RÉFORME DES COLLECTIVITÉS TERRITORIALES
Le Sénat a rétabli le 30 juin 2010 au soir en deuxième lecture la clause de compétence générale pour les départements et les régions, que le gouvernement avait prévu de leur retirer dans le cadre de la réforme territoriale.
158 sénateurs ont voté en faveur de cet amendement présenté par Nicole Borvo Cohen-Seat (CDC) au nom du Groupe Communiste, Républicain, Citoyen (CRC) et des Sénateurs du Parti de Gauche, contre 156 qui ont voté contre.
Cet amendement affirme :
La compétence générale est un principe fondateur de la libre administration des collectivités locales, dans le respect des responsabilités accordées par la loi à chacune des collectivités et l’application de la règle de subsidiarité
Il a été approuvé notamment par tout le groupe socialiste, le groupe CRC, les radicaux, quatre non inscrits, et deux centristes au terme d’un débat de plusieurs heures.
La clause de compétence générale permet à chaque niveau de collectivité territoriale de s’occuper de domaines qui ne sont pas spécifiquement de son ressort.
Dans un souci de clarification des tâches, le gouvernement avait décidé de la réserver aux seules communes.
Le gouvernement, par la voix du ministre ministre de l’Aménagement du territoire Michel Mercier, s’était prononcé contre cet amendement.
Une très bonne chose qui était demandée par toutes les associations d’élus
En revanche, pour le député PS Didier Guillaume, le rétablissement de la clause de compétence générale est « une très bonne chose qui était demandée par toutes les associations d’élus », dans les régions, dans les départements, et dans les communes, en particulier les petites villes et les communes rurales qui ont besoin du soutien des autres collectivités pour mener leurs investissements.
Initialement, le gouvernement avait prévu de répartir les compétences entre collectivités par une loi différente du volet institutionnel de la réforme territoriale, actuellement étudiée par le Parlement.
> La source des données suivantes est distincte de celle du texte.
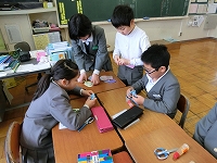 5年生の図工科では、初めて電動糸のこを使います。自分で書いた線に沿って木の板を切り、パズルを作ります。危険も伴うものなのですが、今年の5年生は、大胆に切り進む子が多いようです。作品が完成するのが楽しみです。
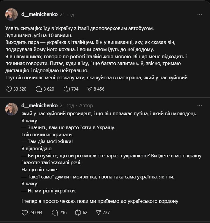 Про подію розповіла пасажирка автобуса Дар’я Мелніченко у соцмережі Threads. За її словами, конфлікт виник під час однієї із зупинок. До неї підійшов громадянин Італії, одягнений у вишиванку, який почав розмову після того, як почув, що вона спілкується італійською мовою. Чоловік пояснив, що український національний одяг йому подарувала дружина, з якою вони разом прямують до України.
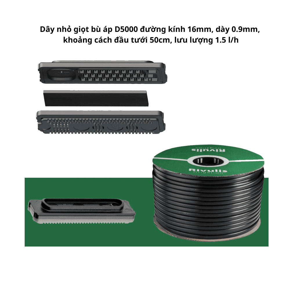 Dây nhỏ giọt bù áp, đường kính 16mm, khoảng cách đầu tưới 50cm

Mais l’Assemblée nationale avait introduit en première lecture par un amendement un nouvel article, l’article 35, prévoyant que si une compétence est attribuée au département ou à la région, l’autre collectivité ne pourra pas intervenir dans le même domaine.
Tout n’est pas joué
Dès l’ouverture de la séance jeudi matin 1er avril, Nicolas About a demandé un nouveau vote sur cet amendement prenant à contre-pied ses collègues. Cette deuxième délibération aura lieu à la fin du texte peu après les articles controversés sur les conseillers territoriaux dont l’examen a été repoussé après l’article 35.
Le ton monte
Au-delà de l’adoption (provisoire ?) de cet amendement emblématique, puisqu’aucun texte, de loi ou constitutionnel, ne comporte les termes de « compétence générale » pour tous les niveaux de collectivités, le ton est monté, au Sénat.
Les sénateurs de gauche combattent vigoureusement le projet de loi, tandis qu’un bras de fer oppose les sénateurs centristes et le gouvernement sur le mode d’élection du futur conseiller territorial.
Je dénonce une attitude terroriste, le fascisme ne passera pas !, a lancé dans l’hémicycle le président du groupe Union Centriste, Nicolas About, en mettant en cause un membre de (son) groupe.
Ces mots particulièrement forts pour une assemblée peu habituée aux éclats de voix traduisent la nervosité de la majorité qui n’arrive pas à se mettre d’accord sur la mesure phare du texte, le mode d’élection du conseiller territorial.
Le bras de fer entre une majorité de centristes et le gouvernement, pour arracher une dose de proportionnelle, domine les débats et a pris des allures de fronde contre leur président de groupe qui s’est déclaré prêt à renoncer à cette proportionnelle.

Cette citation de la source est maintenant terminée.